Josiah Quincy IV (; January 17, 1802 – November 2, 1882) was an American politician. He was mayor of Boston (December 11, 1845 – January 1, 1849), as was his father Josiah Quincy III (mayor in 1823–1828) and grandson Josiah Quincy VI (mayor in 1895–1899).

Career

He attended Philips' Academy, Andover and graduated from Harvard College in 1821.

He was elected a member of the Ancient and Honorable Artillery Company of Massachusetts in 1823 and became its captain in 1829 at the age of 27.

He was the author of Figures of the Past (1883).

As a member of the Massachusetts State Legislature in 1837, he was instrumental in the establishment of the Massachusetts Board of Education. 
He built the Josiah Quincy Mansion in 1848.

He was elected to the Boston City Council in 1833 and served as its president from 1834 to 1857.

He served as mayor of Boston from 1845 to 1849.  He served as treasurer of the Boston Athenaeum from 1837 to 1852.

Travels
In 1844, while traveling with Charles Francis Adams met Joseph Smith, the founder of the Church of Jesus Christ and the Latter Day Saints, in Nauvoo, Illinois, where Adams received a copy of the Book of Mormon which had previously belonged to Smith's first wife, Emma Smith. The book is now in the archive collections of Adams National Historical Park. At the visit, Smith showed Adams and Quincy four Egyptian mummies and ancient papyri.

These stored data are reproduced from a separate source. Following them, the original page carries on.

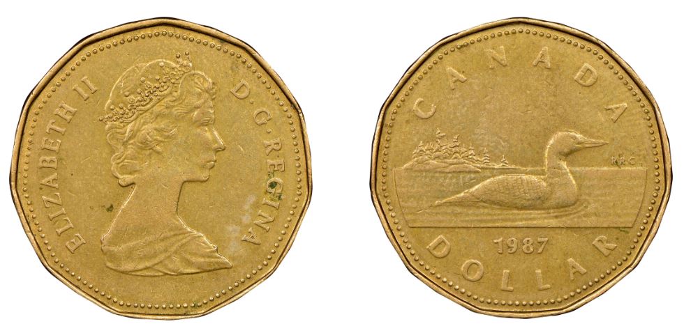 Canada released the 1 dollar loonie in 1987 with an 11 sided outline that looks round at first glance. The edges become noticeable once the coin is examined closely. Circulated examples often sell for $1 to $3. Higher grade coins may bring higher prices. The shape helped reduce confusion with other denominations.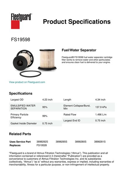 Fleetguard® FS19598 fuel water separator cartridge filter works to remove water and other particulates and ensures clean fuel is delivered to your engine.Specification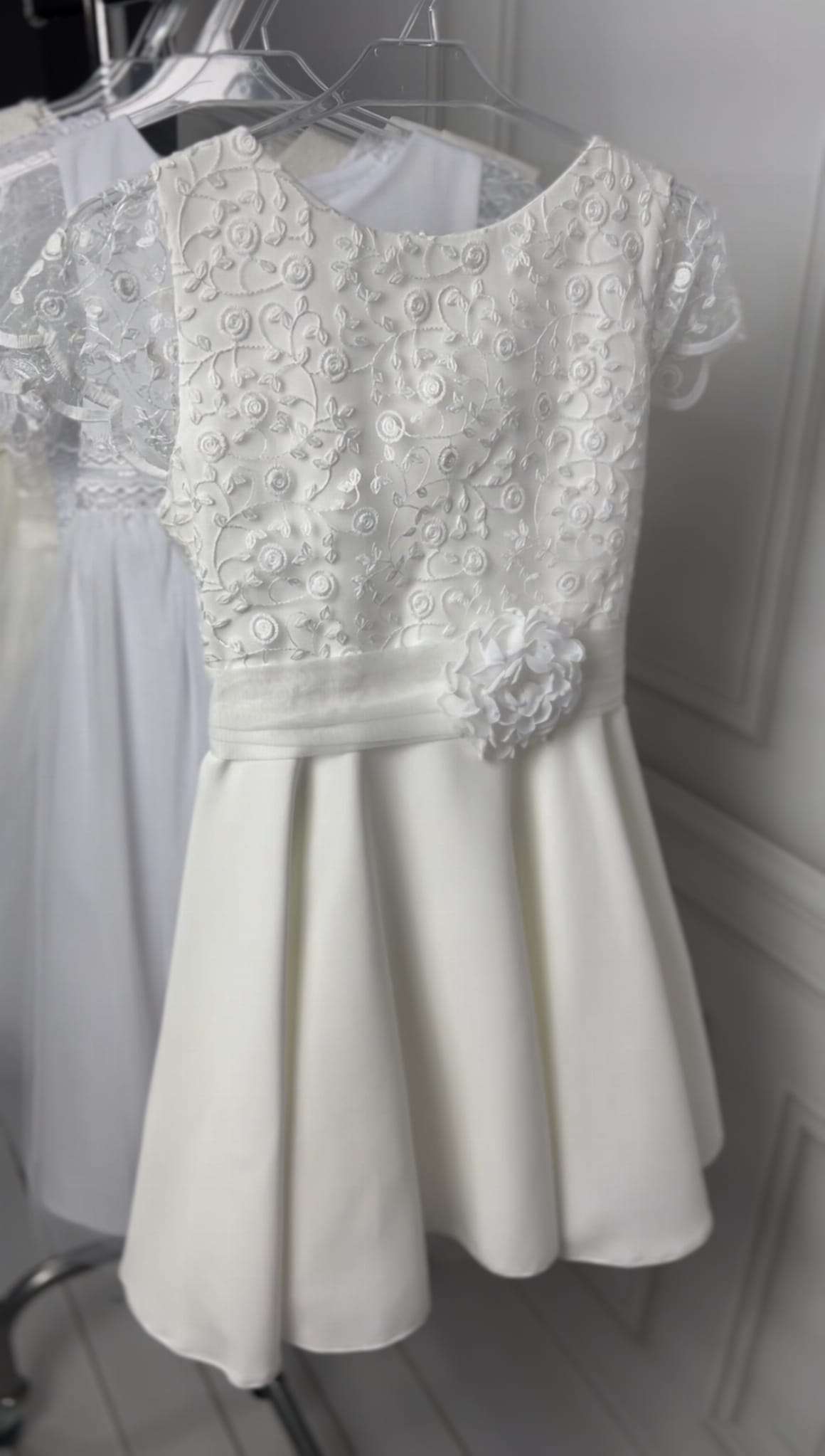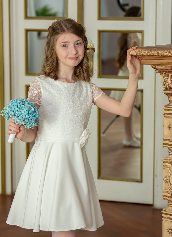 Ecru skromna sukienka na komunię z koronką na kole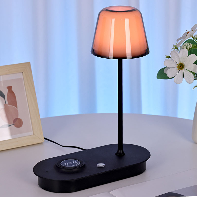 Traidisiún Is féidir le lampa deisce faoi stiúir bonn adhmaid le luchtaire gan sreang an fón a athluchtú le tadhaill dimmer
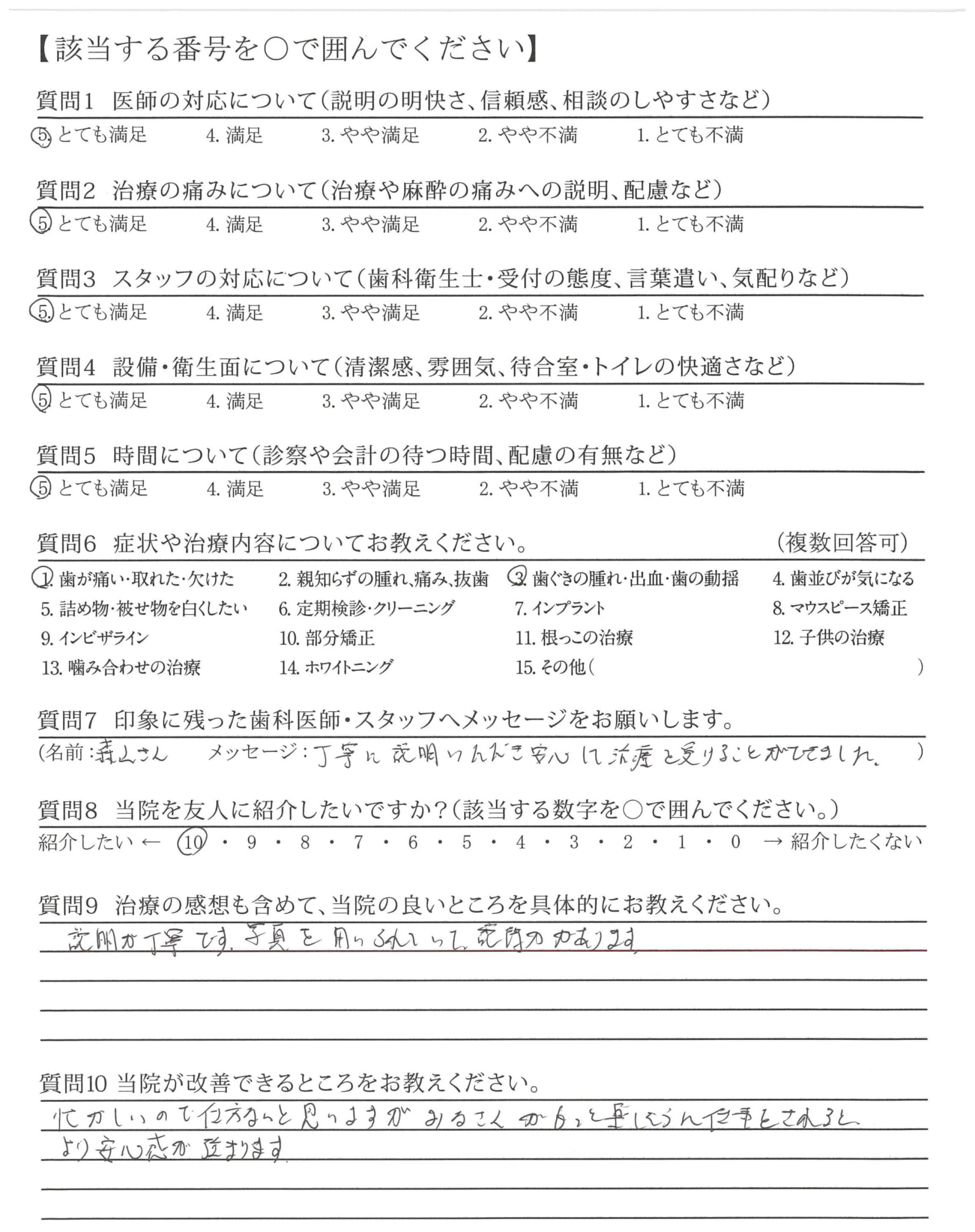 治療の説明、処置が的確で、とても満足です。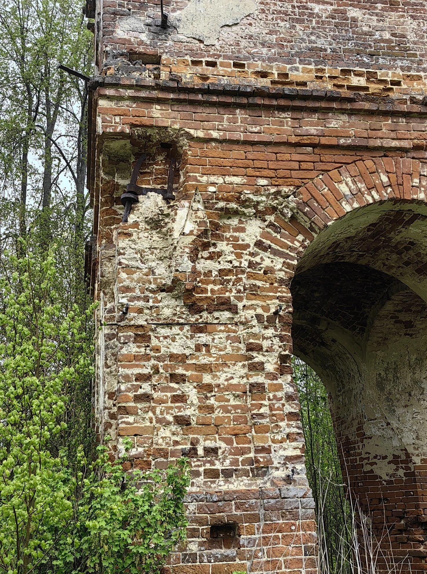 В верхней части стены, в специальной нише, сохранились два металлических элемента, напоминающих кованые болты или крепления, ныне частично покрытые ржавчиной. С правой стороны композиции возвышается монументальная кирпичная арка полукруглой формы, составляющая часть прежде величественного церковного проёма.
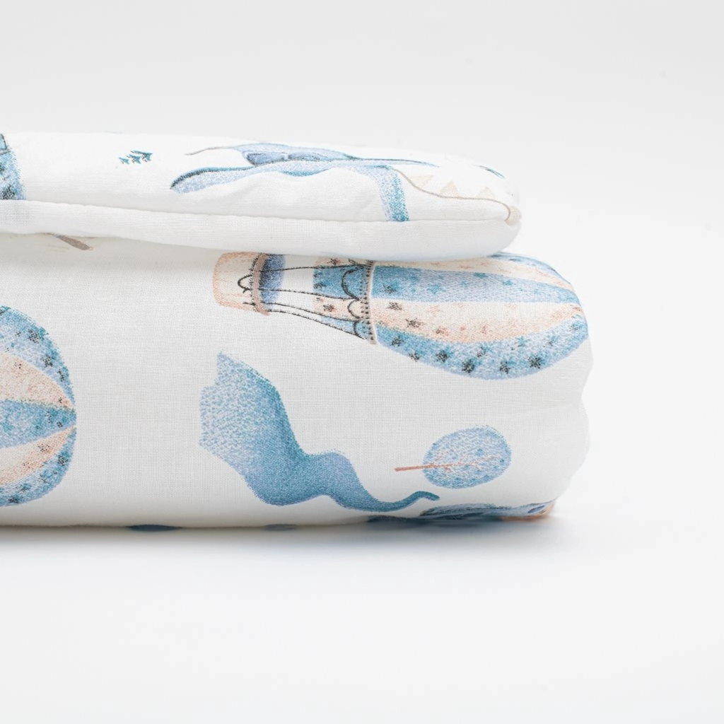De mooie katoenen set voor de kinderwagen New Baby Romance verrast met een subtiel design en comfort voor je baby. Bevat een kussentje en een dekentje met een print van een sprookjesachtig avontuur in de wolken. De vulling is anti‑allergisch, de hoes is van 100% katoen – zacht voor de babyhuid, warm en prettig aanvoelend.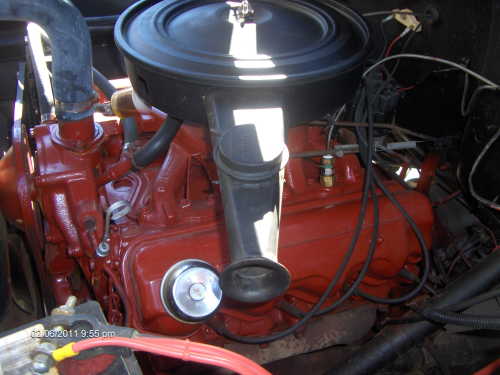 It has a 1956 Dodge Coronet Custom Royal 315 Polyhead engine with a Loadflight Push Button transmission. The engine was rebuilt around 1968 by Performance Engines in Fairfield, CA. The truck has been from coast to coast pulling a 19 foot Aristocraft inboard boat. It became the tow vehicle for the old Merc back in 1989.

Adams was not impressed by Smith, and wrote in his diary entry that day, "Such a man is a study not for himself, but as serving to show what turns the human mind will sometimes take. And herafter if I should live, I may compare the results of this delusion with the condition in which I saw it and its mountebank apostle."

Family

His brother Edmund (1808–1877) was a prominent abolitionist, and author of the biography of his father and of a romance, Wensley (1854).  A sister, Anna Cabot Lowell Quincy Waterston, was a writer; and another sister, Eliza Susan (1798–1884) was her father's secretary and the biographer of her mother.

Quincy had two sons — Josiah Phillips (1829–1910), a lawyer, who wrote, besides some verse, The Protection of Majorities (1876) and Double Taxation in Massachusetts (1889); and Samuel Miller (1833–1887), who practised law, wrote on legal subjects, served in the Union army during the Civil War, and was breveted brigadier-general of volunteers in 1865. 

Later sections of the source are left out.